At the genus level, the reliability of the humerus-based taxa identification method described in the current work outperforms that involving automated image recognition and artificial neural networks (Walsh et al. 2008). The overall accuracy of classification (calculated via cross-validation) amounted to 47% (“cranial” view) in the experiment by Walsh et al. (2008), whereas that reported here exceeded 90%, also for each studied genus separately (Supplementary Fig. S4). In both studies, Eudyptula achieved the highest score (75 and 100% of correct identifications, respectively).
Three-dimensional landmark-based analyses recently conducted by Thomas et al. (2019) for all six modern genera yielded an unweighted genus-level average of 71.3% correct classifications (74.6% without Megadyptes). The relevant percentage ranged from 0% (Spheniscus) to 100% (Eudyptula). In addition to the latter taxon, Aptenodytes and Eudyptes also exceeded the 90% threshold. In contrast to these results, correct classification scores for Pygoscelis and Spheniscus exceeded 90% in the current study. The only scores plot presented by Thomas et al. (2019, fig. 5), although based on PCs (an unsupervised ordination), resembles in its message that by Livezey (1989, fig. 9) and slightly more distantly Fig. 3a in this study (both resulting from a supervised method).
Considering predictions of genus membership for the test data (Supplementary Table S2), only four (21.1%) out of 19 specimens (representing genera from the training set) were misclassified (Supplementary Table S5). Importantly, all outline shapes for “problematic” specimens were extracted from a set of photographs published in external sources (Supplementary Table S2), hence not taken in a standardized way. Three fossil specimens were classified correctly (Supplementary Table S5). The posterior probabilities calculated for an additional (20th) humerus (Supplementary Table S5), a specimen assignable to Megadyptes—the only extant genus not represented in the training set—strongly suggested its affinity with Eudyptes. This result is in line with ordination spaces obtained by Livezey (1989) and Thomas et al. (2019), where both genera overlapped. Moreover, these taxa are actually closely related (e.g., Gavryushkina et al. 2017).

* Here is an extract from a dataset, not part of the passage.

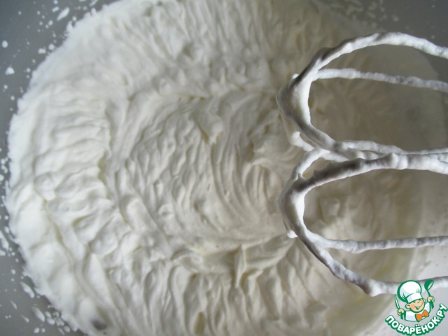 Холодные сливки взбить до крепких пиков (осторожно, не переусердствуйте, дабы не взбить их до масла).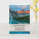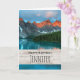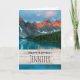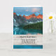 Birthday card with a beautiful photograph featuring a beautiful mountain range, grey and rust colours. A green lush forest surrounds a calm clear lake. Tranquil and peaceful image

A strong genus-level taxonomic correspondence is present in overall outline shapes of present-day penguin humeri. Elliptical Fourier transformation followed by LDA on PC scores, extracted from harmonic coefficients, proved to be a promising tool for addressing problems in classifying skeletons of extant Sphenisciformes. Its usefulness in penguin palaeontology is yet to be assessed.
The author wants to thank two anonymous reviewers for their valuable comments that helped improve this article.